ESCULTURA PERTURBADORA

Abreu Pessegueiro
Porto, Janeiro 2020

Agora que o pó das emoções pousou, volto a referir a escultura “Linha de Mar” situada na Marginal de Leça da Palmeira da autoria de Pedro Cabrita Reis (PCR), concretizando melhor a minha avaliação negativa desta obra de “arte pública”.

Muita polémica se criou, nomeadamente quanto ao valor pago pela Câmara Municipal de Matosinhos (307.000 euros). Diria mesmo que, para muita gente, a importância da peça é directamente proporcional ao valor pago ao artista. Estou mesmo convencido que, doutra forma, a maioria das pessoas nada lhe ligaria e, por si só, a “escultura” seria irrelevante.

Mas vale a pena questionarmo-nos sobre a qualidade da intervenção feita.
Não aceito que, este ou qualquer outro artista seja inquestionável, só porque tem “a credibilidade de agentes culturais de todo o mundo”. Não caberia na cabeça de pessoas minimamente inteligentes e livres, que não pudessem ser questionadas as obras de artistas “sacralizados pelos críticos”.

Quais são então os meus argumentos para avaliar negativamente o que ali foi feito?

A peça perturba o lugar onde foi colocada? Claro que sim! Teve em conta o contexto? Claro que não!

Trata-se de uma obra de arte pública perene que deveria ser “negociada” com outros intervenientes do espaço urbano, nomeadamente com quem projectou a requalificação urbana da marginal em 2005 e que foi nada mais, nada menos que o Arquitecto Álvaro Siza.

Quando percorremos a marginal, lemos a calma de um desenho, marcado pela horizontalidade de todos os elementos: Da Piscina das Marés, passando pelo equipamento, pelos muros, até à Casa de Chá da Boa Nova.
Mesmo os posteriores equipamentos de praia têm uma volumetria que não altera essa qualidade.

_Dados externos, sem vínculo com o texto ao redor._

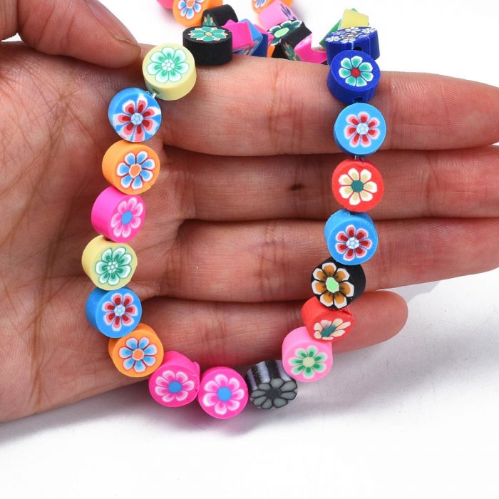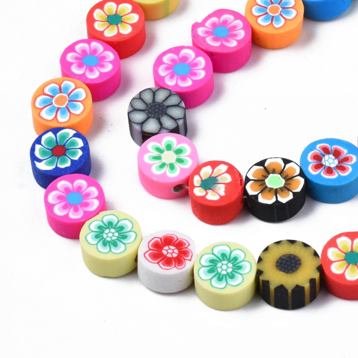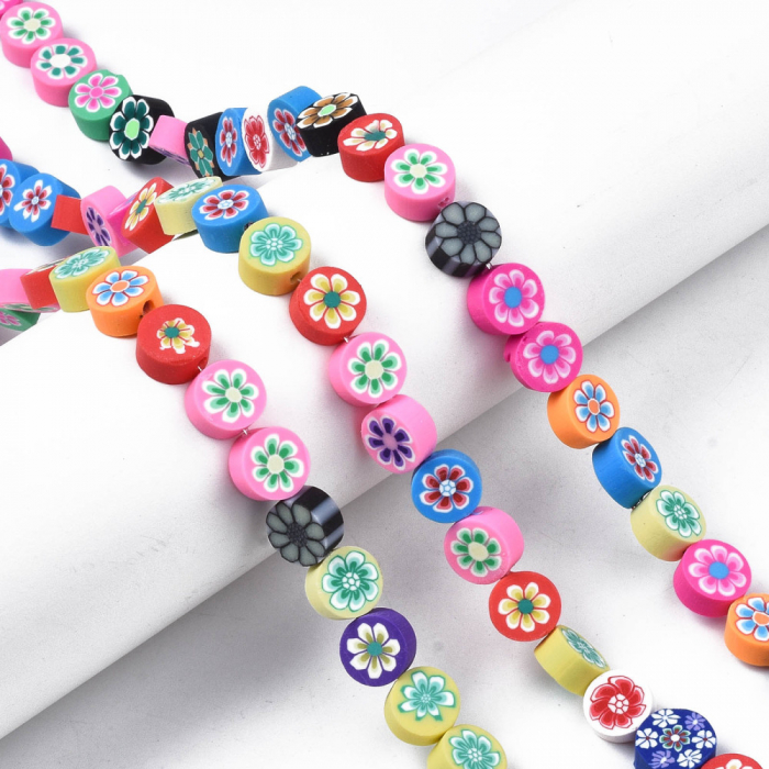 Koraliki Glina Polimerowa, Handmade, Okrągłe Płaskie, 9-10x4-5mm, Kolor: Mix, około 38szt/36cm/nić (13WB30727)

O que vemos agora? Em clara ruptura, esta intervenção perturba a perspectiva dos passeios e área verde: interpõe-se, deixamos de vislumbrar um ponto de fuga.
Trata-se de uma obra de “arte publica” cuja localização usurpou o contexto, por incompetência ou por soberba necessidade de afirmação, por falta de humildade! Esta obra não se trata de uma “arte performativa” nem de “body art”. Perturba permanentemente!
Se foi essa a intenção de PCR, lamento-o profundamente, porque uma coisa é perturbar no espaço do museu (ver a sua exposição em Serralves) ou ou mesmo, perturbar no espaço público de forma efémera. Tudo isso até seria admissível.
Outra bem diferente, é perturbar em permanência um espaço público, consolidado, cheio de poesia, adulterando o espírito com que este foi desenhado.
O que vemos ao longe é um emaranhado de ferros brancos, sem uma estrutura definida que corta a leitura de continuidade de um percurso que se queria limpo.

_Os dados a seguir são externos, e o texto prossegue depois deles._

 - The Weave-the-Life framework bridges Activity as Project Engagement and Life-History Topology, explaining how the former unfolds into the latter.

Mas aproximemo-nos da “escultura”, in-loco. Não nos fiquemos por fotografias compostas pelas sombras do poente. Vamos ao local! Entremos na peça:
10 perfis em “I” pousados na relva, em “zig-zag”, sobre cada um dos quais, 4 ou 5 perfis verticais em altura variável.
Se fosse um “pisa papeis” eu diria que era fraca a ideia!
Mas não: é grande e, assim sendo, a ideia piora!

Dali não se vislumbra qualquer qualidade de equilíbrio ou ruptura; de tensão ou movimento; de ritmo ou de infrequência; de força ou suavidade; mas o que é isso para PCR? Qualidades de um “romantismo anacrónico”?

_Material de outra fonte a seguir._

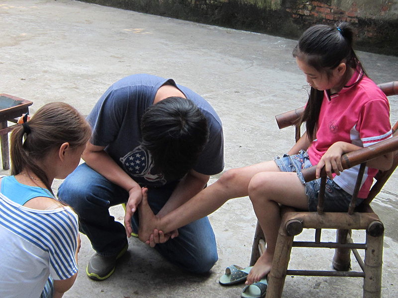 | “很多年轻的孩子,因为身体问题,被家人留在家里出不来。我觉得很可惜啊。”为了帮助这些残障的年轻人有更好的未来,Bonnie与同事深入偏远地区走访,努力联络资源,帮助这些孩子获得更好的生活。(配图为志愿者医师帮孩子检查伤患情况,但照片主角并非小韩。)

E nada tem a ver com o seu título, “Linha de Mar”, além do mais, porque ali nada é linear: é simplesmente horror ao vazio sem nada acrescentar a um espaço que tinha a sua beleza

Seja como for, a “escultura” é fraca! Por si só, não “aquece nem arrefece”: Seria inócua, não provocaria nem perturbaria se estivesse escondida.

Só espero que a mudem de lugar!

Também espero que a Câmara Municipal mude o seu paradigma de política cultural, porque se a arte pública é louvável uma forma de socializar a arte, não é com atitudes como esta que se conquista a população para um aumento de consumo cultural e artístico.